FOR a serving general to publicly encourage military action abroad when Parliament has endorsed no such thing is a breach of the proper relationship between army and government.

General Nicholas Houghton’s comments to Sky News on Sunday are even worse.

For one thing he is not merely a serving general but the chief of the defence staff — the effective leader of the country’s armed forces.

For another, he spoke out on Remembrance Sunday.

On a solemn day when we remember the victims of previous conflicts, the general’s emotive language — that we “are letting our allies down” by not extending air strikes into Syria — looks to be a cynical attempt to manipulate popular sentiment in favour of war.
But thirdly and most importantly, he is wrong.

“In its most simplistic way, it’s like being asked to win a football match but not being able to go in the opponent’s half,” is how Houghton describes the admittedly confusing role being played by British forces when it comes to the so-called Islamic State (Isis) terror group.
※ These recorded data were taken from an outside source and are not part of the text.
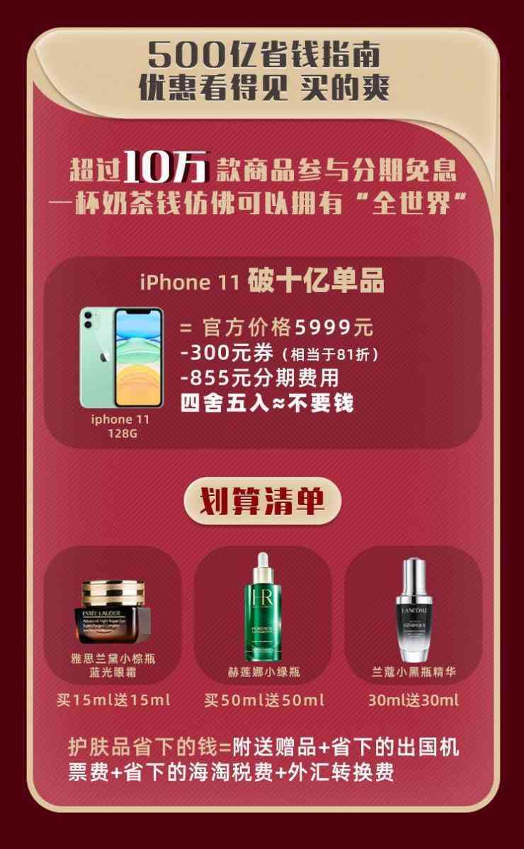 以5999元的iphone 11 128G為例,減去300元券加855元分期費用的綜合優(yōu)惠,這款心儀手機(jī)的到手價簡直低得可怕。再看一個數(shù)據(jù),iPhone 11一分鐘成交即破億,結(jié)合前面的數(shù)據(jù)來看,消費者買的越多省得就越多。
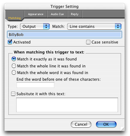 Customizable triggers allow you to match text sent from the world and trigger a custom response from the client (play a sound, alter the text color, send a reply, etc.)
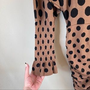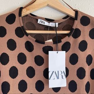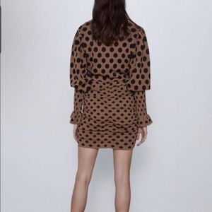 Zara Puff Sleeve Ruched Draped Polka Dots Mini Dress Size Large NWT
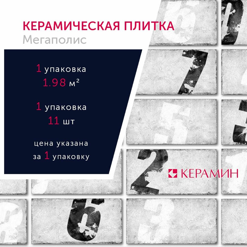Ниже Вы можете прочитать отзывы на Плитка керамическая Керамин Мегаполис 1С тип 1 цифры 30x60 см (11 шт. 1.98 м2), ознакомится с подробными характеристиками, посмотреть интересные обзоры и фотографии на Плитка керамическая Керамин Мегаполис 1С тип 1 цифры 30x60 см (11 шт. 1.98 м2).
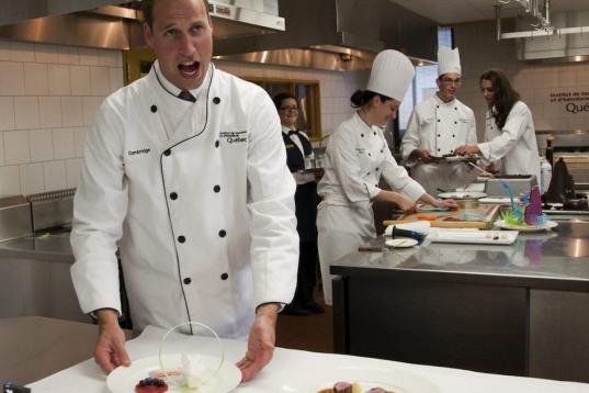 Durante una visita oficial a Montreal, el duque de Cambridge ayudando en la cocina de un instituto de turismo.
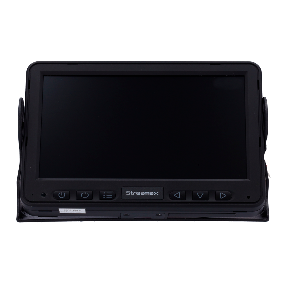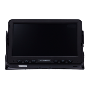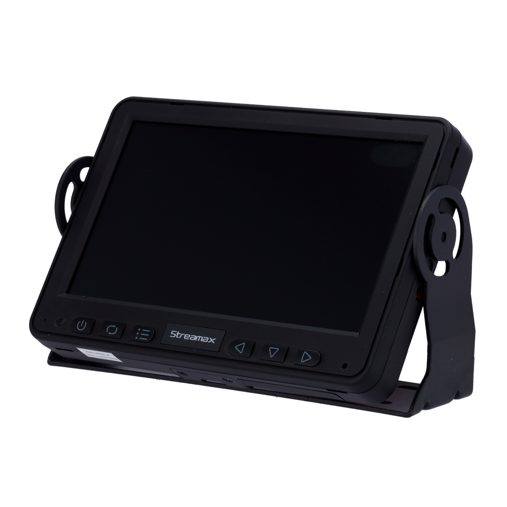 Monitor de 7 pulgadas para grabador y cámaras Streamax. Visión a pantalla completa o Quad, entradas de alarma para popup en directo. Rango de alimentación de 9 a 36V DC.
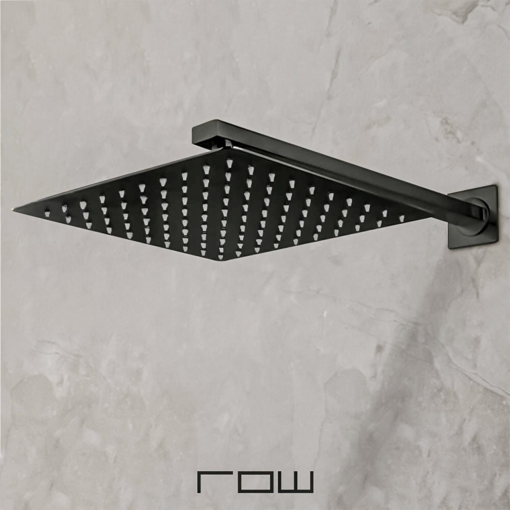 Regadera Cuadrada con Brazo Negro Mate ROW Tecnobath TB41.902NEGRO
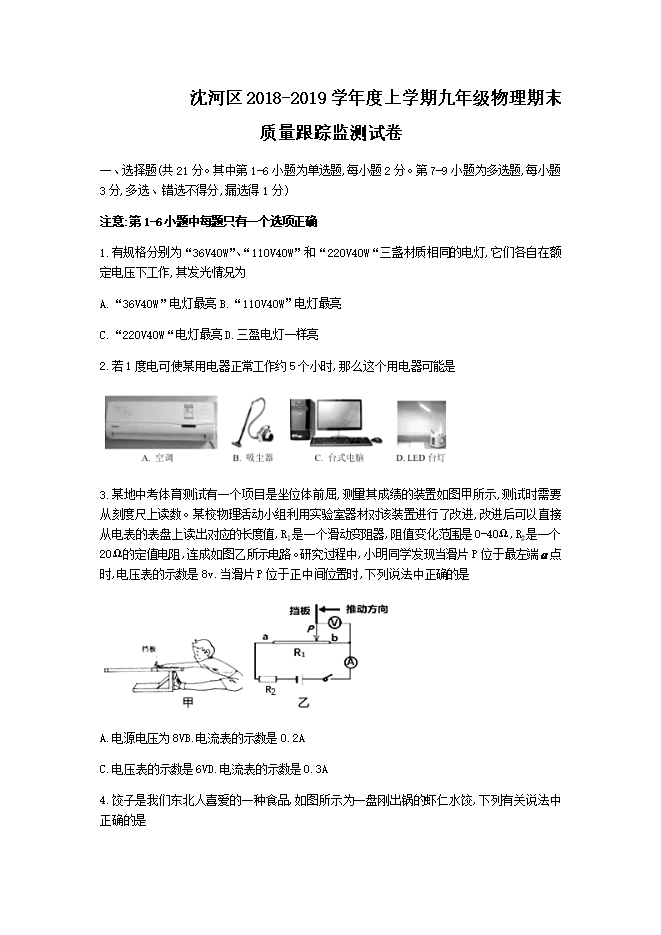 辽宁省沈阳市沈河区2018-2019学年九年级上期末质量跟踪监测物理试题(无答案)

This is because as part of a US-led coalition we are launching air strikes against Isis in Iraq, but are not (officially) doing so in Syria.

Isis controls a large and contiguous territory straddling much of Syria and Iraq. So why attack it in one country but not in the other?

Part of the answer lies in international law.

Such is the contempt shown for all rules of international conduct by Western powers since the end of the cold war that you can almost see ministers rolling their eyes when the words “international law” pop up.

But law is important because it remains the only constraint on “might is right” triumphalism, where any country can do whatever it can get away with.

We are bombing Isis in Iraq at the invitation of the Iraqi government, which makes it legal. Russia is bombing Isis in Syria at the invitation of the Syrian government, which makes that legal too.

But Syria has not invited Britain to bomb Isis on its territory. Probably because our government seems at least as intent on removing President Bashar al-Assad as it is on tackling Isis.

Liberals point out that Assad’s forces kill civilians too and claim equivalence between the regime and the terrorists. The narrative in Western capitals is that we somehow attack both Isis and Assad.

Aside from the sheer arrogance and imperial swagger of this assumption that the West should determine who governs Syria, the position is simply insane.

The “third forces” in Syria, the likes of the Nusra Front or the Army of Conquest, are hardly less genocidal than Isis and in many cases are co-operating with it. None are remotely as strong as either Isis or the Syrian army, either.

Houghton says we aren’t making headway against Isis because we can’t bomb Syria.

But if Russian aircraft are taking a heavier toll on the group than ours, it is more likely because Russia is co-ordinating its strikes closely with a Syrian ground offensive, and because confusion as to our own battle aims means Western forces avoid hitting Isis if they believe a strike will assist Syrian state forces.

That is before we even go into the murkier parts of this morass — the attacks by our Nato ally Turkey on Kurdish militias seeking to defend themselves from Isis, or the trails of blood and money that link the terrorists to another of our allies, Saudi Arabia.

If Britain is to take the fight to Isis, it must get round a table with all anti-Isis forces — including Syria, Russia and Iran as well as fellow Nato powers — to work out a common strategy.

Without that, extending the range of our air strikes is at best ineffective and at worst could be of actual assistance to one of the most bloodthirsty death cults the world has seen.